I’ve been MIA for a bit because the heifer found my blog. Rather than listen to protracted lectures on proofreading, I suspended blogging temporarily.1 Grammar be damned, today I need to vent. Regardless of the likelihood that this blog may very well cause the demise of my husband. Here I am, getting ahead of myself.
First, when my husband read my blog, he also read the bit about the present I was making for him. Since the cat was out of the bag, I showed him the proofs and asked him to pick out his favorite shots. Here, I thought using my photos to create a calendar would be an adorable gift idea for the guy who has everything. Thankfully my hubby cleared that up before you make the same mistake.
I have since learned that photographs of me are a gift to me, not him. I honestly never thought of that, but I’m willing to try almost anything. Tonight, after a couple glasses of wine, I plan to dim the lights, grab my vibrator and few of the racier pics, and make a go of it. I’ll let you know how it works out.
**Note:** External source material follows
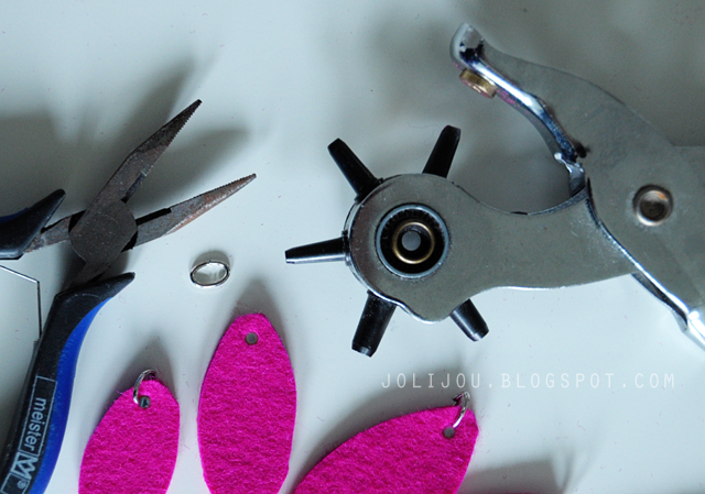 Im Ernst, es geht wirklich super easy. Filzteile in Blattform ausgeschnitten, mit der Lochzange kleine Löcher reingestanzt, Ringe angebracht und diese dann auf Schmuckdraht im Wechsel mit langen Perlen angebracht. Noch einen Verschluss dran und fertig!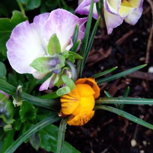 こんばんは🌝 パンジーの鉢に埋め込んでいたクロッカスの球根 いつのまにか顔を出していました🥰

Next, my meal ticket wasn’t pleased with the composition of the pictures because I took off my top in a couple shots.2 Despite two or three pictures where my nip accidentally showed, all of my pink parts and butt crack were covered. Think Brooke Shields in her Calvins. Knowing his penchant for prudity, I specifically hired a female photographer and planned the poses to look pretty, not sensual. Attractive, but innocent looking in a 1950s way. You know, like, “Oh no, my skirt is snagged on a tree branch” or “Oops, you caught me changing, I’d better hide behind this clothesline to cover my bazongas.” To put it another way, I brought my 65 year old mother on the shoot. There was no crawling across a bed, sporting a thong and O-face.
Despite these efforts, my pictures were still too sexy for my husband’s delicate constitution. Which is why I fear the information I’m about to disclose will kill him. I told my photographer she could use some pictures of me to advertise her services. Ha! If he doesn’t out and out die, with any luck he will leave me–with a nice divorce settlement. I’m not too worried. Sure, I’ll miss out on next semester’s lecture series, ”Why clothing should not be removed from a chair via a pinching motion.” But with the help of my photographer’s advertising campaign, I’m sure I should be able to find a new meal ticket before too long. This time, I’m going to keep an eye out for one that is mute.
1. Or rather, having been kept awake nights listening to complaints about my blog, that wouldn’t cease until I gushed about how much I loved my hubby. The funny thing is, he wondered why I stopped blogging when I found I could only type the words “I love my husband.” Apparently his PhD program skipped over the part about negative reinforcement. Although interestingly he does seem to have perfected its use.
2. In the past, Hubby has noted he did not like the idea of topless photographs. Unfortunately I took these pictures before I learned our definitions of the word “topless” differ. Folks in his generation apparently consider “topless” to be any photograph where the subject is not wearing a top. I consider “topless” to be any photograph where you see an exposed nipple. Given that his generation also thought shoulder pads were a good idea, we generally don’t see eye to eye.